Building workflows for SARS-CoV-2 mutation analysis in QIAGEN CLC Genomics Workbench

During the current pandemic, the importance of continually monitoring viral genomes for new mutations has become fundamental to help guide decisions. The combined efforts of labs across the world have generated enormous amounts of SARS-CoV-2 sequencing data that must be analyzed in order to place it into the broader context of the pandemic.

QIAGEN has several resources to support SARS-CoV-2 data analysis. This includes the CoV-2 Insights Service for genomic surveillance, which offers full bioinformatics analysis for QIAGEN’s QIAseq SARS-CoV-2 Primer Panel, Ion Torrent’s Ion AmpliSeq SARS-CoV-2 Research Panel or the Illumina panels. However, if you find your panel data is currently not supported by this prebuilt solution, don’t worry. You can easily analyze any panel data by creating a simple workflow in QIAGEN CLC Genomics Workbench.

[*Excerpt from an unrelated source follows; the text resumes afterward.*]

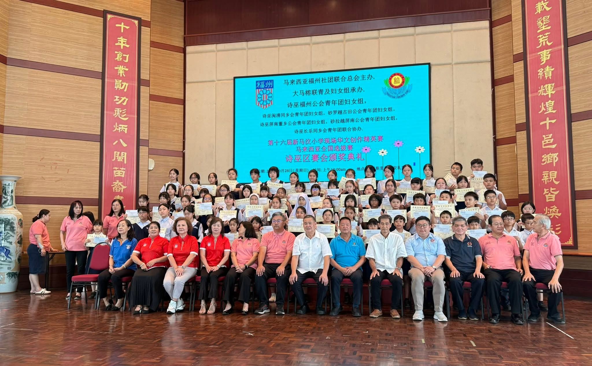 诗巫福州公会于9月28日(星期日)上午,在拿督斯里黄双安礼堂举行两项重要活动“2025年度会员子女 奖助贷学基金颁发典礼”及“第十六届新马汶小学现场华文创作比赛诗巫区赛会颁奖典礼”。

Here we show an example of building a workflow to process the long reads generated by Oxford Nanopore Technology using QIAGEN CLC Genomics Workbench with the Long Read Support plugin. We show a simple workflow that can process the data to generate variant calls. Using sequencing data from the University of Exeter (Baker et al., 2020), we provide an example analysis by examining the mutation signatures at different time points in the pandemic.

Trim and map reads, and call and filter variants

Download reference data as a GenBank file from NCBI and extract annotations using the ‘Convert to Tracks’ tool.

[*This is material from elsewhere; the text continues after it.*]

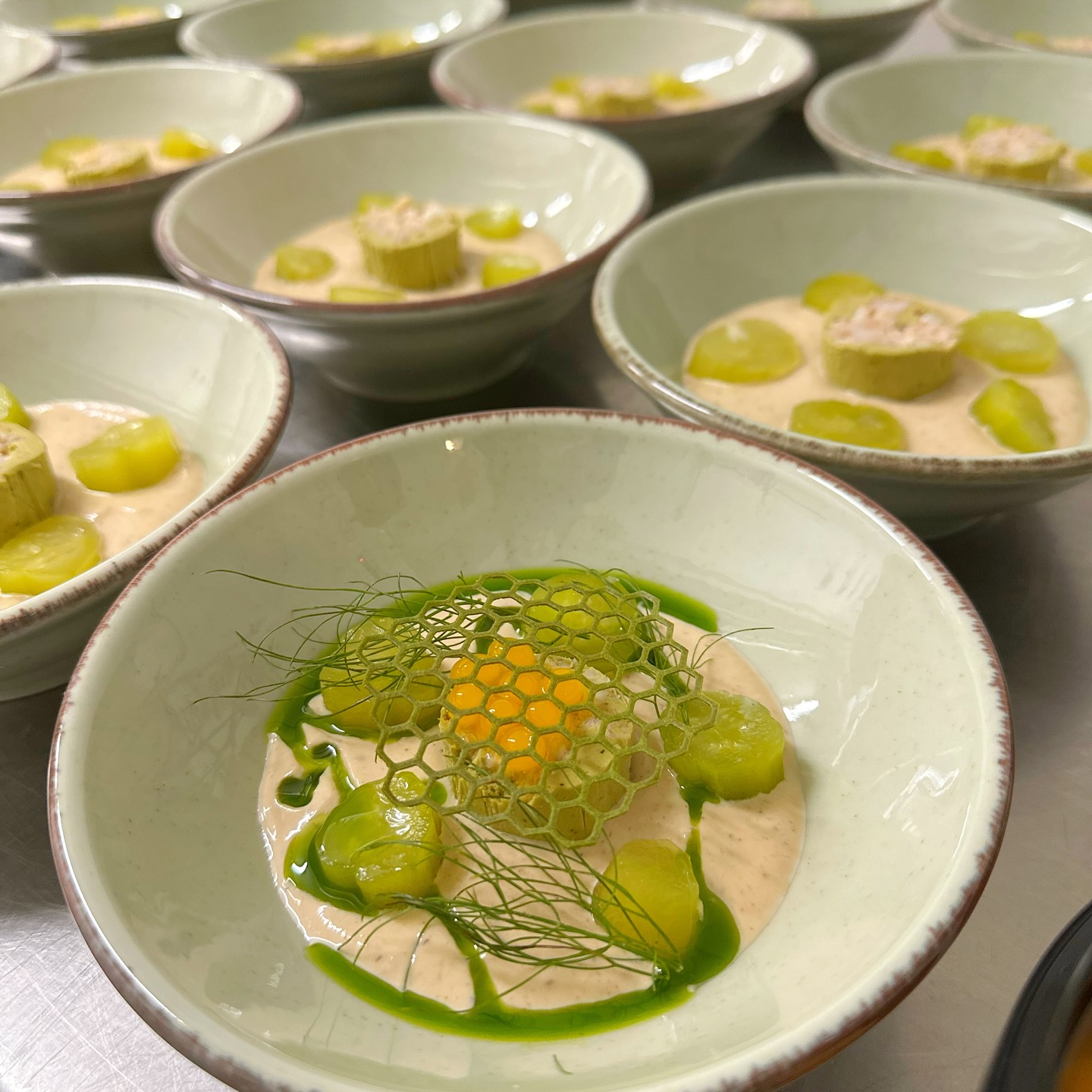 Cremet suppe af jomfruhummer med letrøget færøske kammuslinger og syltede urter.

Figure 1 shows an example of a simple workflow, which consists of the following steps:

  • Trim Reads: Here, we trim for quality. You can optionally remove adapters, depending on the sequencing protocol of your data.
  • Map Long Reads to Reference: The workflow uses the default settings and reference genome MN908947.3.
  • Trim primers of mapped reads: Here, we use ‘Trim Primers and Their Dimers from Mapping’ to un-align the primer part of the mapped reads. We use the primer file associated with the ARTIC protocol (https://artic.network).
  • Variant calling: For this, we use ‘Fixed Ploidy Variant Detection’ with ploidy = 1. We use this variant caller instead of the ‘Low-Frequency Variant Detection’ tool due to the high error-rate of Nanopore reads. For the same reason, we adjusted the minimum coverage and count to 30 and 5, respectively.
  • Remove frameshifting indels and low-frequency single nucleotide variants (SNVs): Using three rounds of ‘Filter on Custom Criteria’, we first identify indels, then frameshifting indels by filtering by a length of 1, 2 , 4 or 5, with coverage less than 30x and Insertions/Deletions. Using ‘Filter against Known Variants’, we remove these from the final variant track. Finally, we use ‘Remove Marginal Variants’ to remove SNVs with a frequency below 70 % and quality below 10.
  • The variant tracks from all input samples are finally collected and compared in a track list.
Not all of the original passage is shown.